The thin end of the wedge on anti-discrimination law?

The latest attempt to derail equal marriage was a proposal by a group of conservatives to remove anti-discrimination provision to allow a wide range of discrimination against same-sex married couples. The leading proponent of the proposal was James Paterson who, like so many Liberal MPs, is a former staffer at the Institute of Public Affairs.

Press coverage duly noted that Paterson had answered “Yes” in the postal survey and described him as a supporter of individual liberty, but didn’t as far as I can tell ask the obvious question: is Paterson’s position on discrimination specific to this issue, or does he support a general right to discriminate on racial, religious and other grounds?

The public record isn’t very clear on this. Insofar as he’s said anything about anti-discrimination law, Paterson has been opposed. This is consistent with the orthodox propertarian position that employers, business and landlords should be free from any interference from government. However, so far, he has only made this point explicit in relation to equal marriage and racist speech (Section 18C). So, it would be good to have a clear statement as to whether the current bill is intended as the thin end of the wedge, or whether he sees equal marriage as a special case.

39 thoughts on “The thin end of the wedge on anti-discrimination law?

  1. @D

    And, by your reasoning the percentage of the Australian population who voted NO is

    .384*79.5 = 30.528%

    The ratio of YES/No vote remains constant at 1.604.

    Now, where does this leave your ‘fact’?

    A response rate for a postal survey of 79.5% is impressively high and so is the ratio of 1.6 in favour of YES.

  2. Ernestine,

    It’s not MY reasoning, it’s mathematical fact. Just as your calculation is.

    The difference is that only you are supposing it to encompass that ‘percentage of the Australian population’.

    So, that leaves my ‘fact’… factual.

    Unless you are trying to argue that more than 50% of the electorate voted ‘Yes’, what’s your point?

    Maybe you want to suggest that ALP blocking the compulsory plebiscite was a good idea. I don’t think it was, I think it was cruelly playing pointless partisan games of the most despicable kind – typical of Shorten’s extreme-right ALP.

  3. D,

    The mathematical fact of relevance in your argument is that if the value of the denominator in a simple division is changed then the result changes.
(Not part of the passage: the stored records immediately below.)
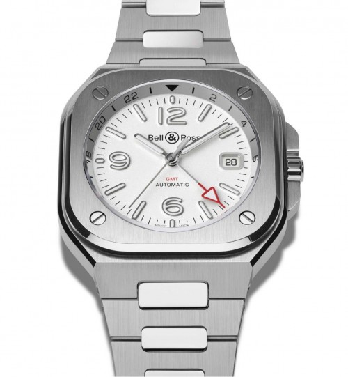 精致修饰 BR 05 GMT White以41毫米精钢表壳现身,抛光及磨砂相间。时针,分针,数字及时标经Superluminova夜光处理,无论日夜皆清晰易读。BR 05系列配蓝宝石玻璃表背,透视机芯以及跑车轮圈为灵感的上链摆陀等结构。 Bruno Belamich总结说:「我们的顾客大多喜欢日历功能,所以表盘3时位置亦设有日历窗。」精钢链带与表壳一气呵成,磨砂链带只有中间链节部份抛光。 这表款亦可配更有运动风格的橡胶带,及更具有吸引力的价格。
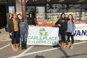 The Carle Place Middle School Builders Club and High School Key Club recently ran a Thanksgiving Food Drive to collect donations for families in need this holiday season. The middle school alone collected more than 300 non-perishable food items from student donations as well as more than 500 non-perishable items from their food drive at North Shore Farms.
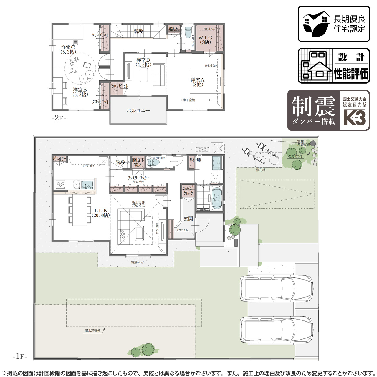 通勤やレジャーなど、ライフスタイルを広げてくれるカースペースを2台分確保しました。来客用の駐車スペースとしても最適です。
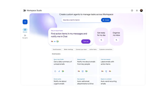 「Workspace Studio」は今後数週間をかけて、すべてのビジネスおよびエンタープライズの「Workspace」プランに展開されるとのこと。
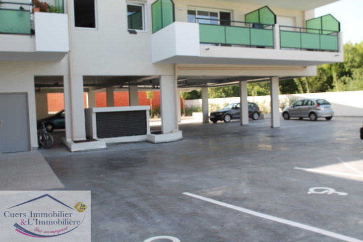 Une terrasse côté jardin de la copropriété, au calme, d'environ 8.20 m², un garage à vélo commun et une place de stationnement privative.
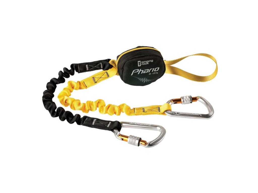 Párací tlumič pádové energie pro zajištěné cesty? To je model SINGING ROCK Phario vhodný pro lanová centra, zajištěné cesty via ferrata a lanové parky s karabinami s automatickou pojistkou.
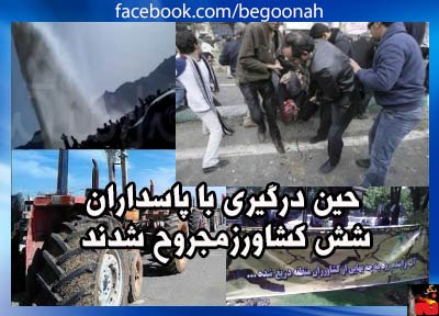 علاوه بر پاسداران، مزدوران لباس شخصی نيز به محل آمده و با کشاورزان معترض درگير شدند. گفته می شود در اين درگيری ۶ تن از کشاورزان مجروح و به بيمارستان منتقل شدند.
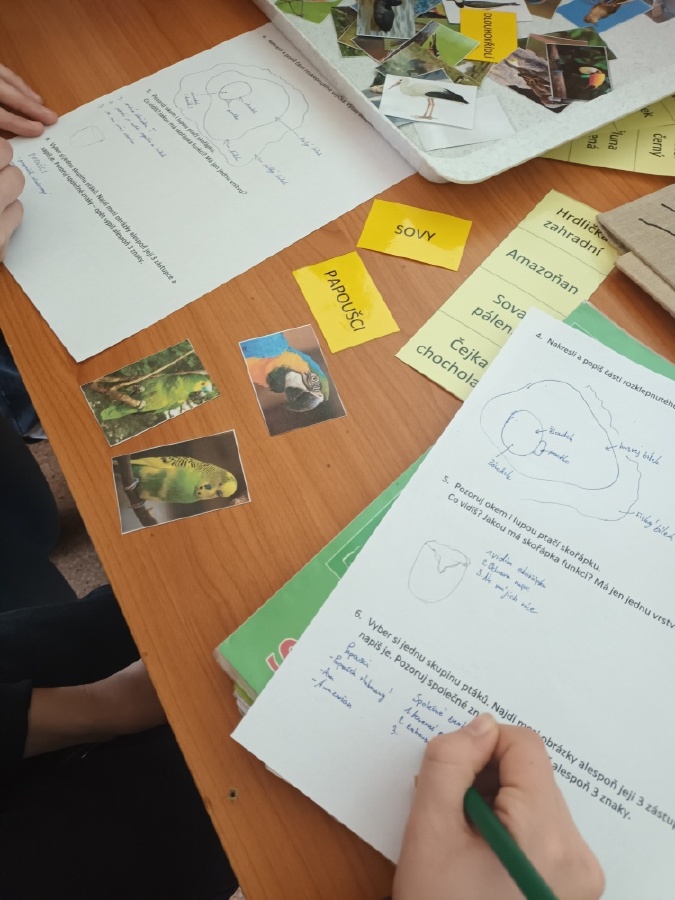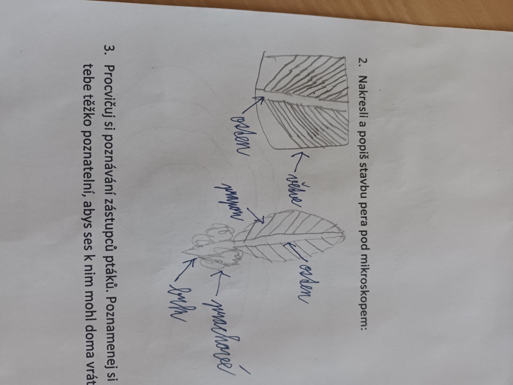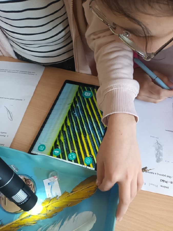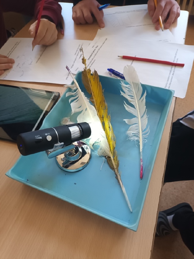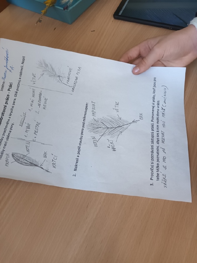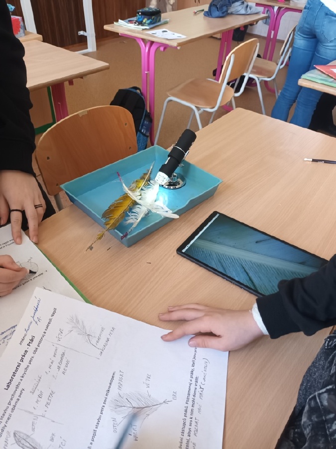V rámci laboratorní práce na téma ptáci žáci 7.ročníků objevovali tajemství stavby ptačího peří a vejce. Pomocí mikroskopů zkoumali strukturu ptačího peří a pomocí lupy skořápku vejce i jeho vnitřní stavbu. Žáci se také učili poznávat různé druhy ptáků podle jejich charakteristických znaků. Výsledky pozorování a určování si zaznamenávali do svých protokolů a vzájemně ověřovali jejich správnost s pomocí literatury a dostupných zdrojů.
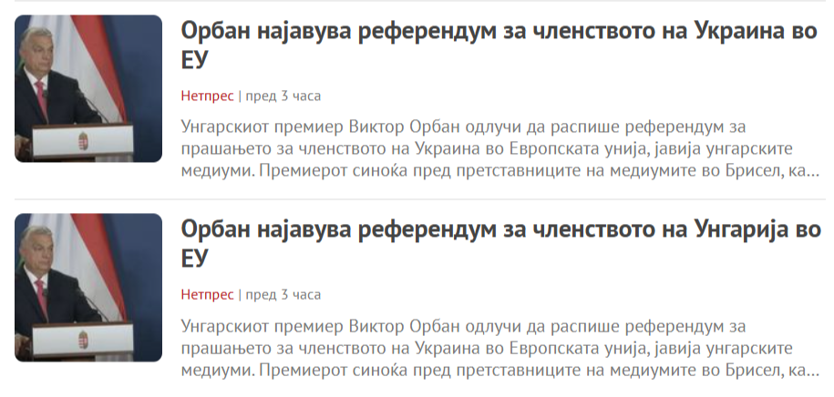 Изјава на унгарскиот претседател Виктор Орбан по вонредниот самит на ЕУ на 06.03.2025 г., за тоа дека планира да одржи референдум во неговата Унгарија за проширувањето на ЕУ со Украина, се претвори во дезинформација предизвикана од погрешен наслов, пренесуваме текст во целост од Вистиномер.

You apply this mathematical fact in a biased manner:

    Survey result:
    1. Y/S = x1
    2. N/S = x2
    3. x1+x2 = 1

    Your argument:
    1. Y/E = y1 S

    You are wrong in asserting that my calculation is the same as yours because I checked that y1+y2= 1 (implied in the stated ratio).

    I want to suggest nothing more than your initial post irritated me enough to reply. To be frank, I didn’t expect a reply.

  4. D,

    Some notation doesn’t seem to work. I try again, using letters.

    Your argument:
    1. Y/E = y1 LT x1 where E GT S.

    LT denotes “less than” and GT denotes “greater than”.

  5. @D

    Everybody who has followed this issue knows that the opposition of Labor and the Greens to a public vote reflected the position of same sex marriage advocates, so why are you bothering to do this? Who do you think you are fooling?

    If you want to attack Labor on this issue, why don’t you do so in a sensible manner? There’s plenty of blame to go around, starting with the Latham opposition’s support for Howard’s amendments to the Marriage Act.

  6. To unpack/expand: support for a vote is support for the notion that baseline rights are subject to vote and approval. And thus vote and disapproval: if you wouldn’t support a referendum to see whether equal-marriage rights should be removed, then you can’t support a referendum to see that they should be recognised.

    [and in any case, there’s nothing you can do to argue with bigots, definitionally, so structuring your process to provide rhetorical tools against bigots is… misguided.]

  7. @Julie Thomas
    “How about the notion of the common good as a concept that we could develop and use as a guide? ”
    Good luck with that, when most people seem to be at least two of greedy, selfish and stupid.

    The LNP’s basic manifesto is to preference personal profit over common good.

    When you have the war mongering lying rodent up here campaigning for the LNP, and claiming the Greens are the most dangerous party there is, well, you know there’s just about no hope.

  8. everybody has moments of being greedy,selfish and stupid.

    the same as everybody can elicit individual traits included in the condition psychopathy.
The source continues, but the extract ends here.